Rule 4200(a)(15)(A): “Independent director” means a person other than an officer or employee of the company or its subsidiaries or any other individual having a relationship, which, in the opinion of the company's board of directors, would interfere with
the exercise of independent judgment in carrying out the responsibilities of a director. The following persons shall not be considered independent: (A) a director who is, or at any time during the past three years was, employed by the company or by any parent
or subsidiary of the company.
IM-4200. Definition of Independence: The Rule’s reference to a “parent or subsidiary” is intended to cover entities the issuer controls and consolidates with the issuer’s financial statements as filed with the U.S. Securities and Exchange Commission
(but not if the issuer reflects such entity solely as an investment in its financial statements).

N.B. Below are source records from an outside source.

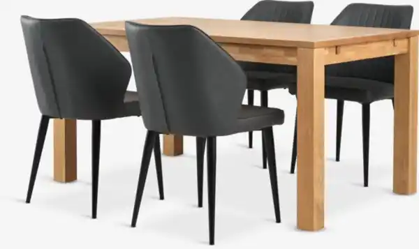 HAGE L150 Tisch Eiche natur + 4 LUNDERSKOV Stühle anthrazit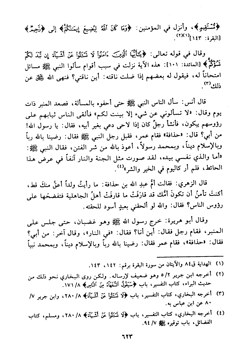 (¬4) أخرجه البخاري - كتاب التفسير - باب {لاتسألوا عن أشياء} 8/ 280 وابن جرير 7/ 80 عن ابن عباس به.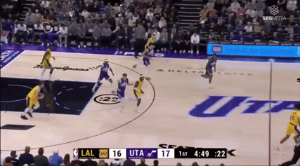 在背靠背对战爵士的两场比赛中,我们很难在此有太多的收获。爵士的防守效率排名联盟第28,他们的目标放在了2025年的选秀大会上。湖人主帅雷迪克反复指出,爵士的主要防守方式是换防,这使得他们在面对爵士最慢、最弱的防守者时,也没能占尽优势。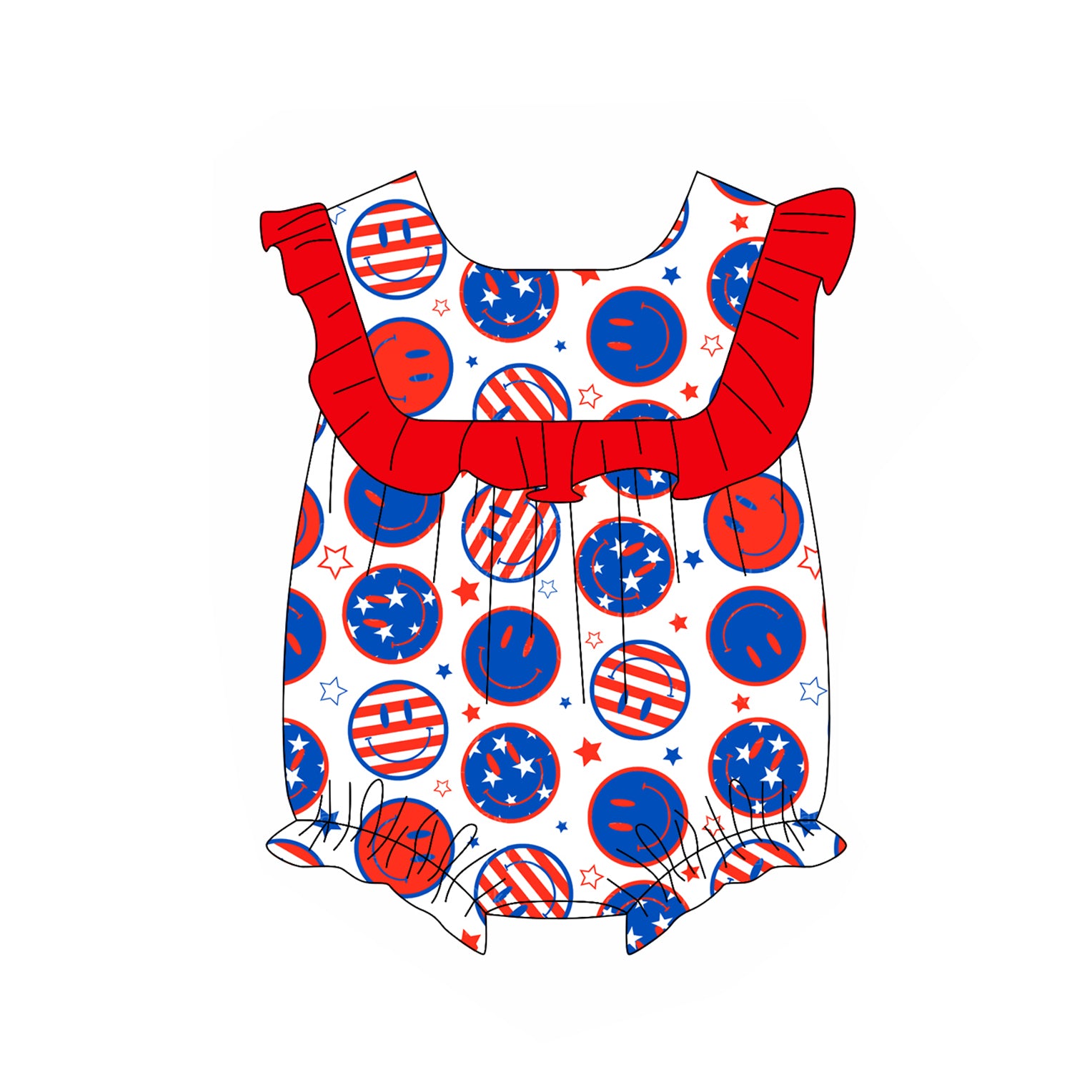 Kids Girls Red Ruffle Stars & Stripes Smiley 4th of July Outfit Set - Patriotic Clothing for Children's Events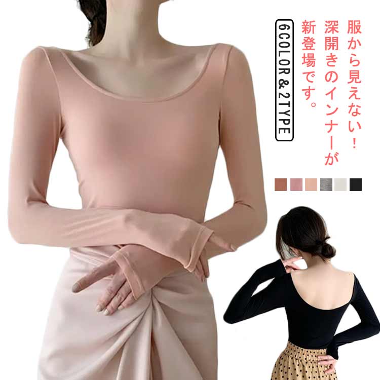 インナー 深開き あったか バレエネック バックオープン 肩開き 背中あき 襟ぐり広め 服から見えない 無地 シンプル 薄手 肌着 長袖 トップス チラ見え防止 お洒落 防寒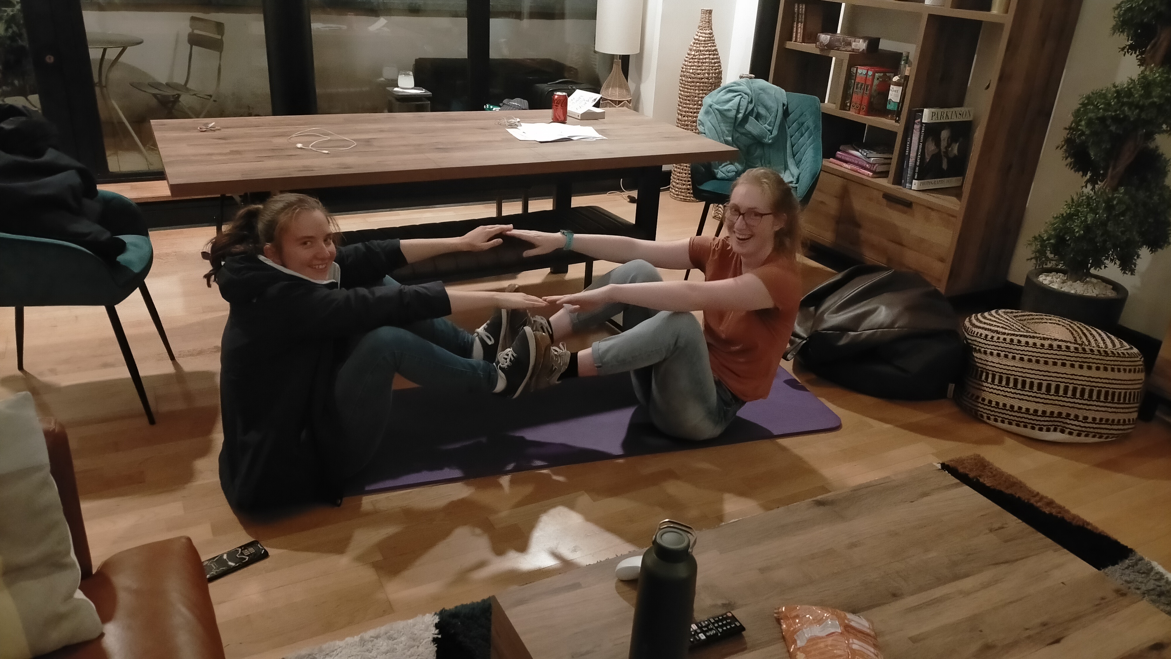 Two person cartwheel.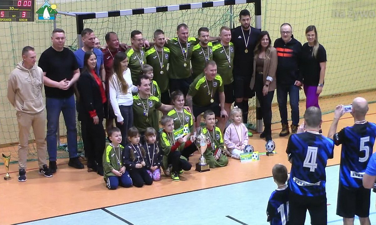 Medale i puchary dla najlepszych drużyn, strzelca i bramkarza wręczali (od 2.55.30) Przewodniczący Rady Gminy Chojnice Józef Kołak oraz szef Komisji Sportu w RG Paweł Wieczorek.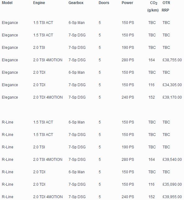 Automated DSG dual clutch 7-speed gearboxes will be available across the range, while the most powerful versions available, namely the 280 PS 2.0 TSI and the 240 PS 2.0 TDI, will also feature 4MOTION all-wheel drive as standard. Models featuring either the 150 PS petrol or diesel engine will also be available with a six-speed manual transmission and front wheel drive.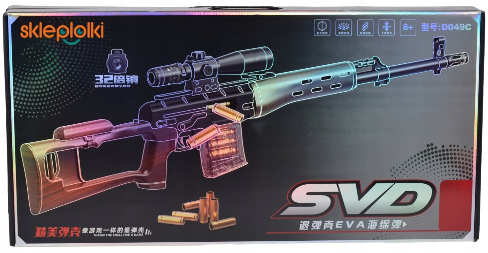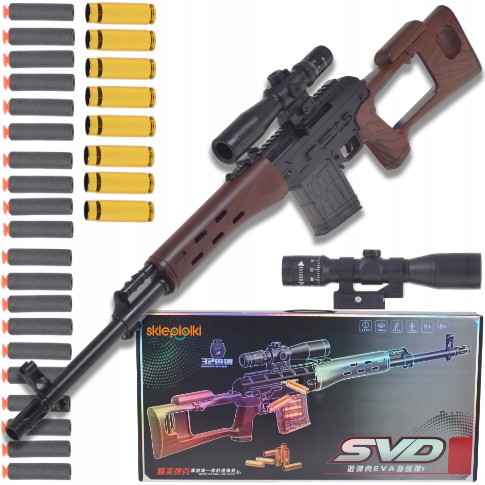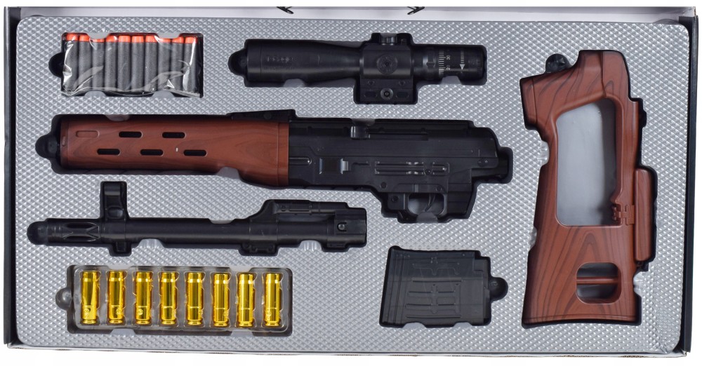 Aspectul său realist, greutatea solidă și ejectarea cartușelor după tragere fac jocul și mai interesant. Pușca trage săgeți din spumă sigure și nu necesită baterii. Setul include o lunetă, 20 de săgeți, 8 cartușe – toate ambalate într-o cutie atractivă, perfectă pentru un cadou!

Relevant Facts: Listed Company has a Director on its board who was formerly employed by another entity (“Entity A”). Entity A is a Foreign Private Issuer incorporated in England. During the period of the Director’s employment, Entity A owned approximately
50% to 60% of the Listed Company’s outstanding common stock, but Entity A’s voting power was limited to 49% of the total votes eligible to be cast on any matter submitted to a vote of the Listed Company’s stockholders. Following the recent sale of a portion
of its holdings, Entity A now owns less than 10% of the Listed Company’s common stock and holds less than 10% of the voting power.
Entity A prepares its financial statements in accordance with U.K. GAAP, and such information is available to U.S. investors through Entity A’s filings with the Securities and Exchange Commission. For the past three years, Entity A has held less than
50% of the voting power in the Listed Company’s securities. Consequently, the Listed Company was considered an “associate” and was not consolidated as part of Entity A’s financial statements.
Issue: Based on these facts, is the Director precluded from serving as an independent director to the Listed Company, pursuant to Listing Rule 4200(a)(15)(A) or IM-4200?
Determination: No. NASDAQ determined that the Listed Company’s board is not precluded from finding that the Director is independent, since Entity A held less than 50% of the voting power in the Listed Company’s securities during the previous three years
and did not consolidate its financial statements with those of the Listed Company. Accordingly, Entity A is not the parent of the Listed Company within the meaning of the Rule and IM-4200.